And S2.2, adding the high-frequency small amplitude signals obtained by decomposition to obtain noise part data, and adding the smoother low-frequency signals to obtain main part data. And integrating the time sequence decomposition results of a plurality of sites to obtain a main part data matrix

Sum noise partial data matrix

The following were used:

and S2.3, carrying out normalization processing on the decomposed data to enable the preprocessed data to be limited in a certain range, so that the problems of non-convergence and the like caused by singular sample data in training are solved.

Since the traffic data is very unevenly distributed over time, the value is very large at the peak and the traffic is 0 at some night time, normalization processing is indispensable. The scheme adopts a min-max normalization method, and the specific formula is as follows:

wherein X is the data currently being normalized, Y is the processed output data, X is _max Is the maximum of all data points, X _min The minimum of all data points. After normalization, all data points are at [0,1 ]]The numerical values within the interval.

S2.4 after normalization, the resulting passenger flow data that is continuous in the time dimension is converted into a supervised learning sequence shape that is acceptable to the LSTM network.

The input data to the LSTM network must conform to its required supervised learning sequence shape, changing the original data shape according to the predicted step size desired during the training process. The predicted step size represents the longest limit that each target value can carry historical passenger flow information during the training process. By inputting the sequence X _t ＝[x ₁ x ₂ … x _n ]For example, the prediction step is k, and the converted data format is:

the body part data matrix and the noise part data are converted into supervised learning sequence shapes, respectively, and provided to S3 and S5.

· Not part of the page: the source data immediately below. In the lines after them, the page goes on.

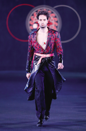 課題組將彝族銀飾經(jīng)典的浮雕圖案元素、彝族畢摩繪畫和文字元素、彝族服飾傳統(tǒng)紋樣圖案元素、彝族鸚嘴帽元素、朵洛荷舞蹈元素、察爾瓦流蘇元素等融入到作品中,沿用傳統(tǒng)民族服裝的色調(diào),并對(duì)圖案和造型進(jìn)行現(xiàn)代設(shè)計(jì)和審美的轉(zhuǎn)化與提升,傳統(tǒng)服飾與現(xiàn)代創(chuàng)新設(shè)計(jì)相結(jié)合,碰撞出了新的時(shí)尚美感。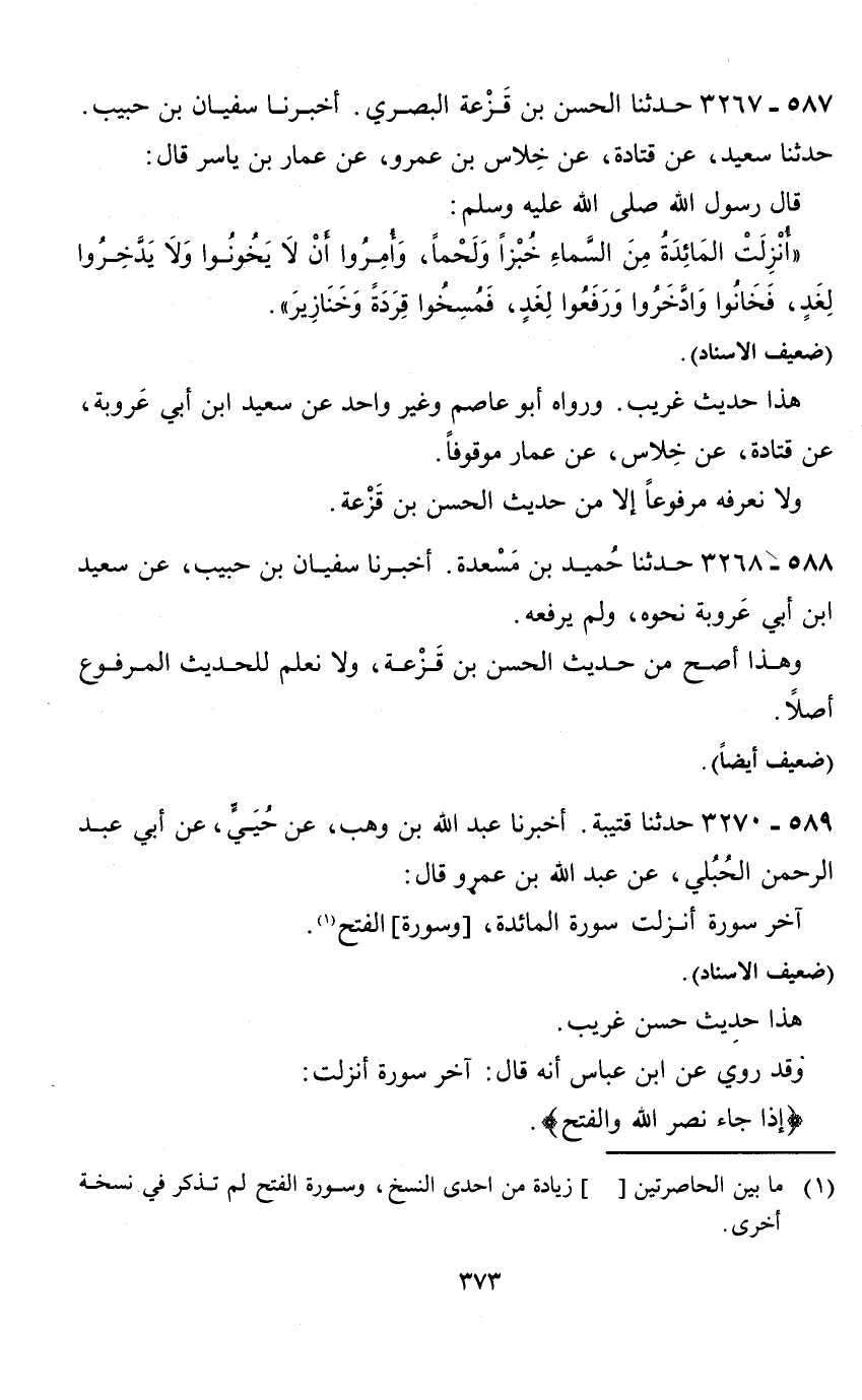 أخبرنا عبد الله بن وهب، عن حيي، عن أبي عبد الرحمن الحبلي، عن عبد الله بن عمرو قال: آخر سورة أنزلت سورة المائدة، (وسورة) الفتح (1) .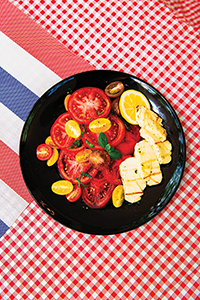 Brush the grill grates with oil, then add the halloumi and cook, turning once, until marks appear and the cheese is warmed throughout, about 1 minute per side.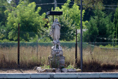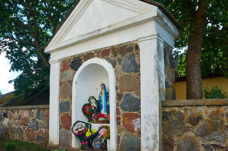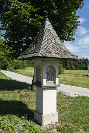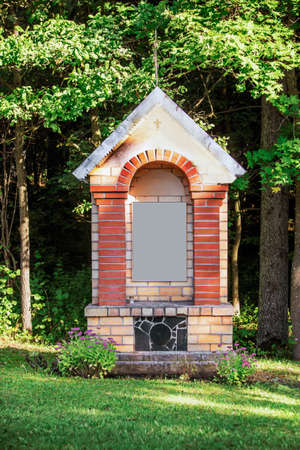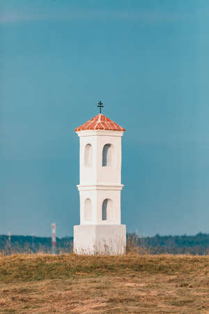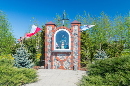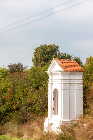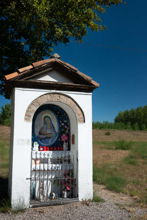 small chapel (roadside shrine) next to the road. Silesian area of Poland, Racibórz. Blue sky, sunny day, summer.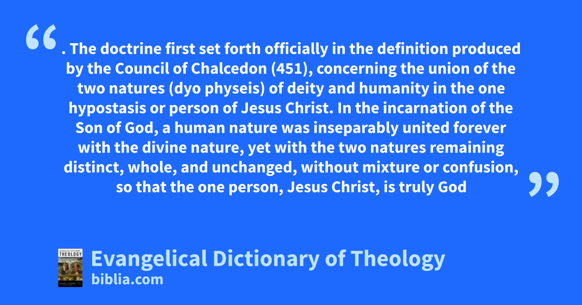 . The doctrine first set forth officially in the definition produced by the Council of Chalcedon (451), concerning the union of the two natures (dyo physeis) of deity and humanity in the one hypostasis or person of Jesus Christ. In the incarnation of the Son of God, a human nature was inseparably united forever with the divine nature, yet with the two natures remaining distinct, whole, and unchanged, without mixture or confusion, so that the one person, Jesus Christ, is truly God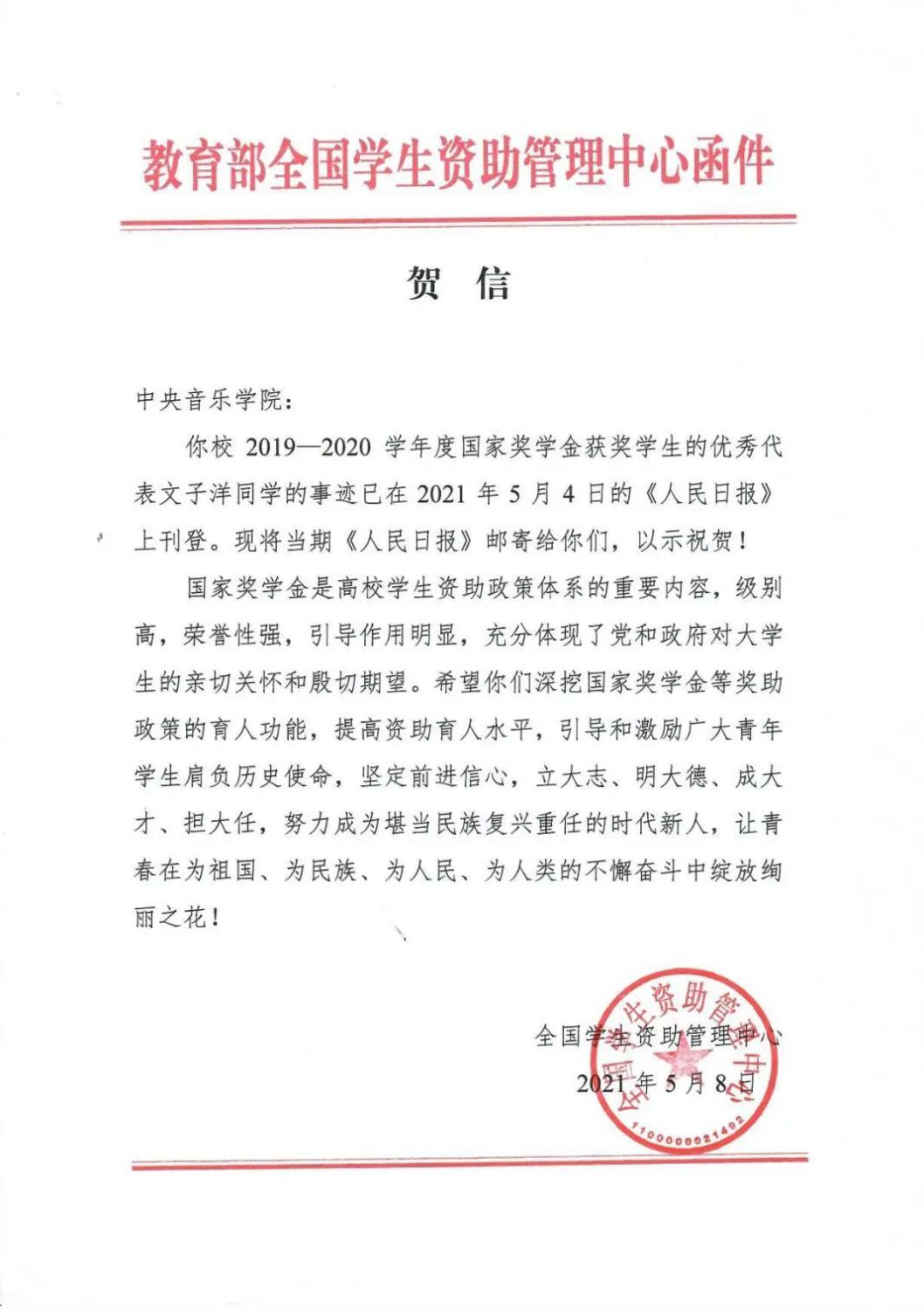 五四青年节,《人民日报》专版刊登《本专科生国家奖学金获奖学生代表名录》,展示本专科生国家奖学金获奖学生中的100名优秀代表的风采,KY开元国家奖学金获奖学生代表、作曲系本科生文子洋同学位列其中,教育部全国学生资助管理中心向KY开元发来贺信,以示祝贺。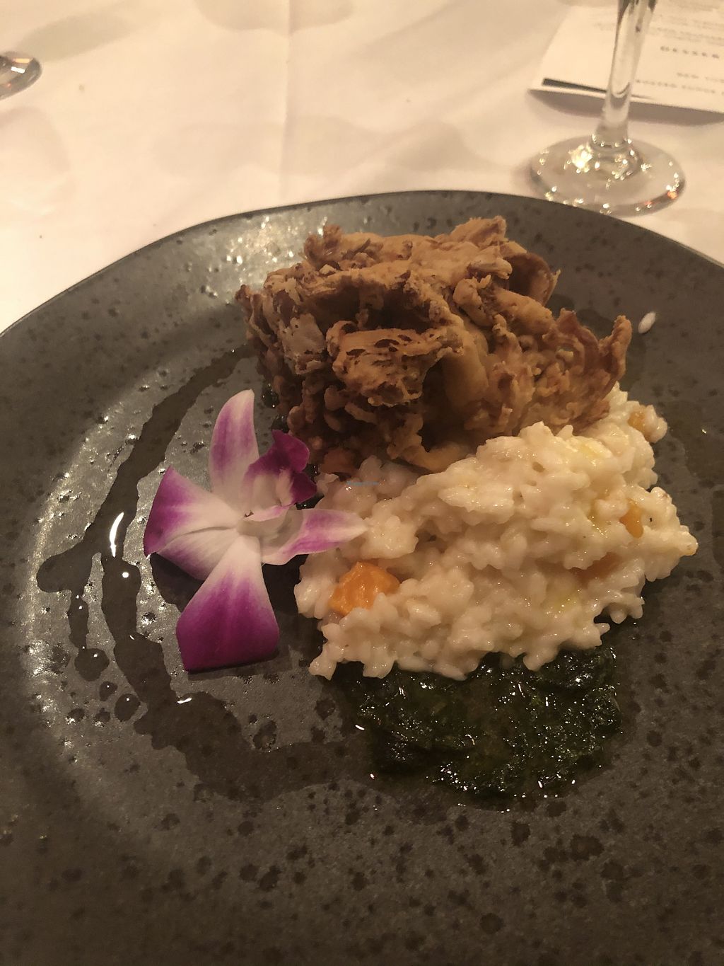 Beautiful restaurant great outdoor seating. Loved listening to the waterfall and seeing the pretty lights. Two vegan entrees, vegan “scallops” and jackfruit tacos. Cody, our waiter, was AWESOME. Fabulous service.

S3, hidden layer processing

According to the invention, the hidden layer adds an Attention mechanism on the basis of a CNN-LSTM model, removes a pooling layer, builds a ConvLSTM-Attention model, and respectively performs model training on main data and noise part data obtained by an input layer. The specific process is as follows:

firstly, extracting the spatial characteristics of a two-dimensional matrix through a convolutional layer, then inputting the obtained spatial characteristic sequence of a time dimension into an LSTM network for time characteristic extraction, hiding part of neurons through a Dropout layer to prevent an overfitting phenomenon (namely, a model converges in a training set and shows an overfitting to a test set), inputting an output sequence of the LSTM network into an attention mechanism layer to calculate a weight value of each data in the sequence, and then multiplying the weight value with the data. The output matrix is finally flattened by the Flatten layer into a one-dimensional sequence that the output layer can receive.

The method selects a 1-dimensional CNN network to perform spatial feature extraction, and extracts the main part data matrix processed in S2

Sum noise partial data matrix

As separate inputs to the two models. The specific implementation method of the convolutional layer is as follows:

wherein the content of the first and second substances,

is the input of the convolutional layer of

Or

Is the convolution layer output, W is the weight obtained from model training, b is the bias obtained from model training, and σ is the Relu activation function.

The matrix after CNN network feature extraction is X _t ＝[x _t-n x _t-(n-1) … x _t-1 ] ^T The matrix is the distribution of the spatial eigenvalue in time, and the eigen matrix is used as the input of the LSTM network for model training.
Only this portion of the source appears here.